Fatigue isn’t something unique to just you. It’s a shared human condition. In fact — and this may be breaking news — even your pastor gets “tired.” Your worship leaders, assistant pastors, Sunday school teachers and other various volunteers and attendees all get “tired.” Sure, we might be tired on different levels. You might be pulling a 16 hour shift the Saturday before Easter. Your student pastor might be coming in on two wheels from a crazy family situation like an expected death in the family or an unforeseeable business trip. Your senior pastor might be making two hospital visits, cutting a widow’s grass, unclogging a church toilet and putting the final touches on his sermon. Your media guy might be up all night taking care of the graphics and sermon presentation designs after clocking out at his regular job. You might be physically tired. Someone else might be mentally tired. Or emotionally tired. Maybe you’re feeling all three of those.
Everyone has crazy schedules and circumstances happening outside of church. That’s just called life.
But, even more than that, Jesus Himself got tired. (One time He was so exhausted that He fell asleep on a boat in the middle of a storm.) During His time on Earth, He was 100 percent God, but also 100 percent man, and therefore needed rest and recuperation just like we do. And if the God of the Universe knows what it’s like to feel tired and utterly drained, I don’t think it’s too much to ask that we pull ourselves out of bed on the Day of His Resurrection to give him an hour or two of our worship, time and attention. That’s not a guilt trip, it’s just an issue of basic respect, decency and, most importantly, gratitude.
"Church is Just Weird, Awkward and/Or Uncomfortable."
Of course it is!

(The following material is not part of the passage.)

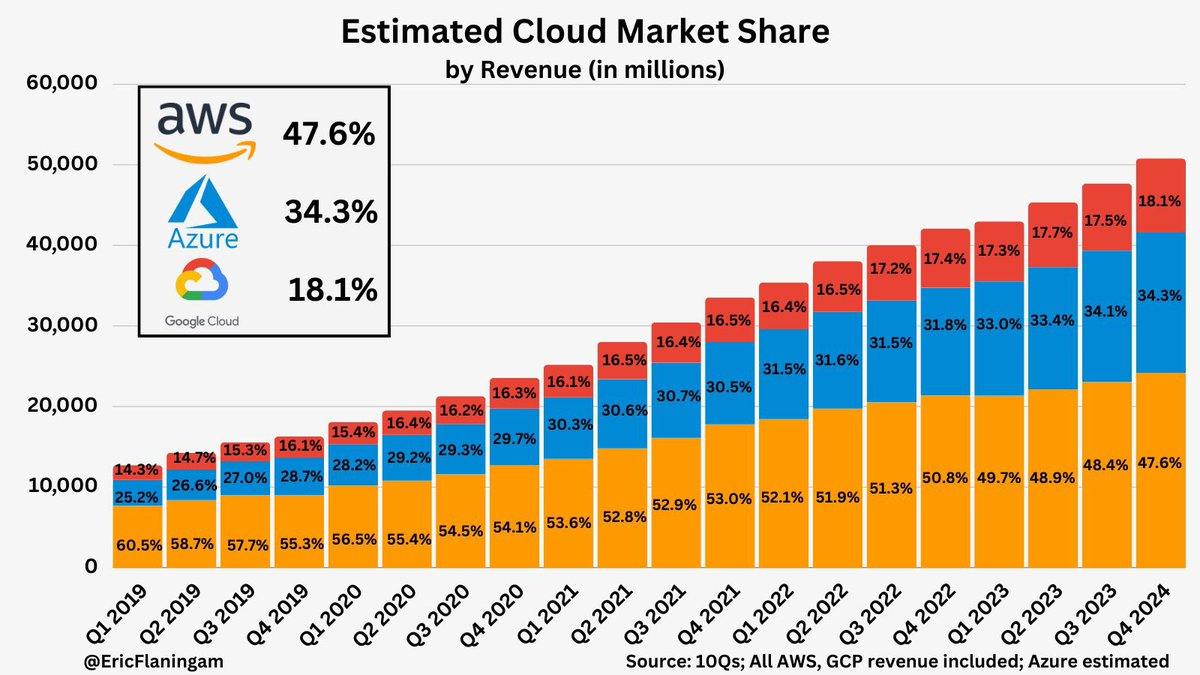 $AMZN 클라우드에서 47%의 추산 시장 점유율을 가지고 있는 반면 $MSFT 과 $GOOG 는 각각 34%와 18%를 가지고 있습니다.

People are weird! People are awkward! People are uncomfortable! You’re weird. You’re awkward. You’re uncomfortable. So am I. And — newsflash — the church is not the building, it’s the people who show up every week. So, when you put a lot of weird, awkward human beings together in one room, there’s bound to be at least some level of “uncomfortableness.”

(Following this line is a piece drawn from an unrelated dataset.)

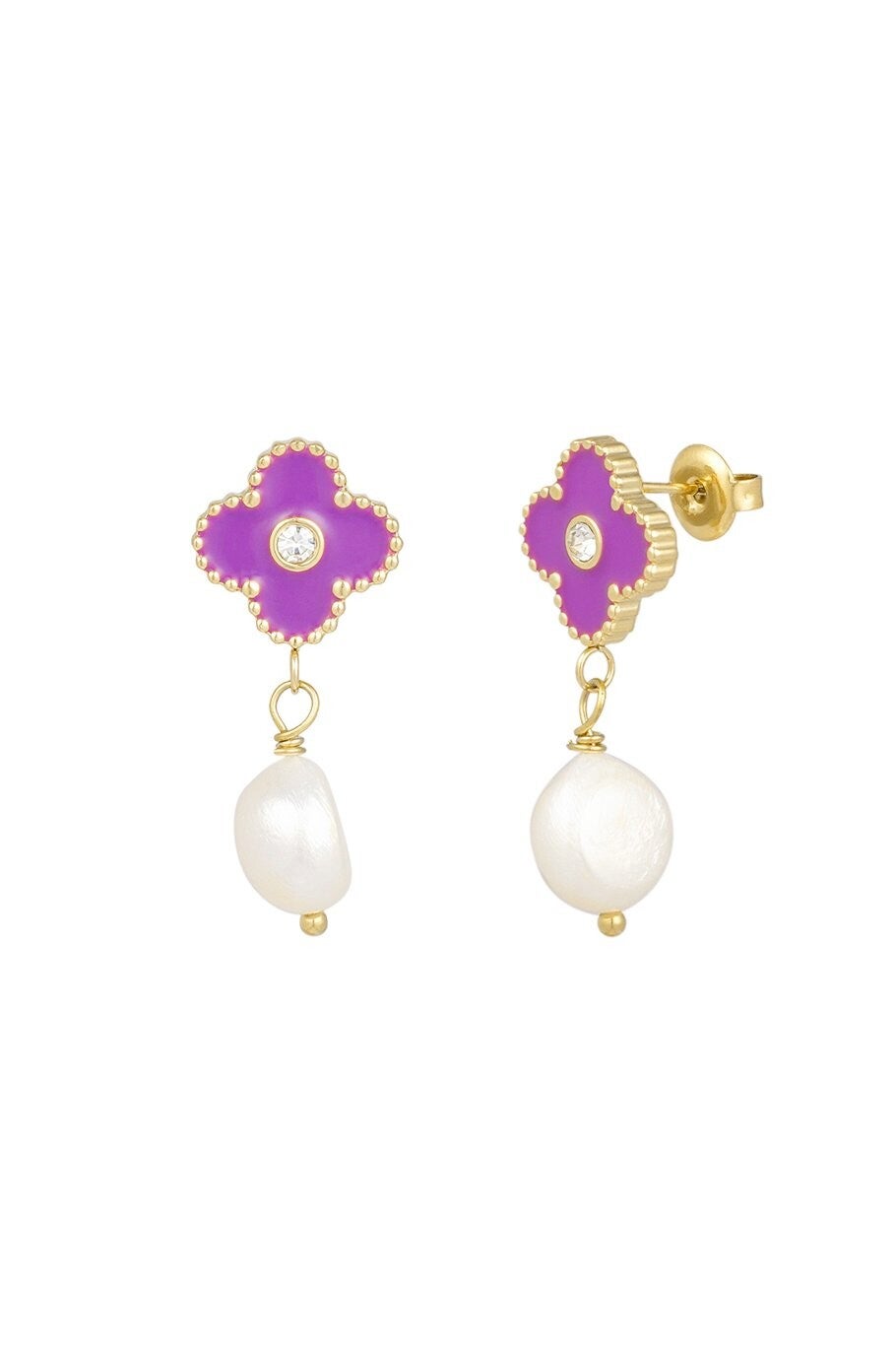 eze oorbellen combineren speelse elegantie met een vleugje luxe. De goudkleurige studs met paarse clover details en een subtiel steentje stralen pure vrolijkheid uit, terwijl het witte parelhangerje zorgt voor een classy finishing touch. Ideaal voor wie houdt van kleur én verfijning.

I know that some introverts in particular struggle with today’s “modernized, contemporary church culture.” They don’t know what to do when everyone around them has their hands lifted in worship when they’d much rather just sit and mouth the words to the song. Or when it’s time to “meet and greet” and mingle with fellow churchgoers and they would much rather say a fast “Hi” to someone and return to their seat until the next song. And it doesn’t help that the worship leader is prompting folks to do things like smile and shake someone’s hand and snap a selfie with someone you don’t know and all of that uncomfortable, awkward, weird stuff. Trust me, I get it.
Obviously not every church has these elements and, whether yours does or doesn’t, Easter Sunday is still one time of the year for Christians to push all the weirdness and awkwardness aside and at least make an attempt to show our Savior that we recognize what He did for us and for humanity.
A couple of closing thoughts:
Easter literally rests at the very heart of Christianity. Even if you don’t like or particularly enjoy going to church, it’s hard to call yourself a Christ-follower and not be in His house on the day we celebrate His resurrection, our salvation and the promise of eternity. Also, Easter services make for great family traditions and an opportunity to instill those values in your children.
Ultimately, the real question for many professing Christians is: Do you take your faith and your relationship with Jesus seriously enough to be in a church on the day when we celebrate the most important event in the world and the most important part of our belief system?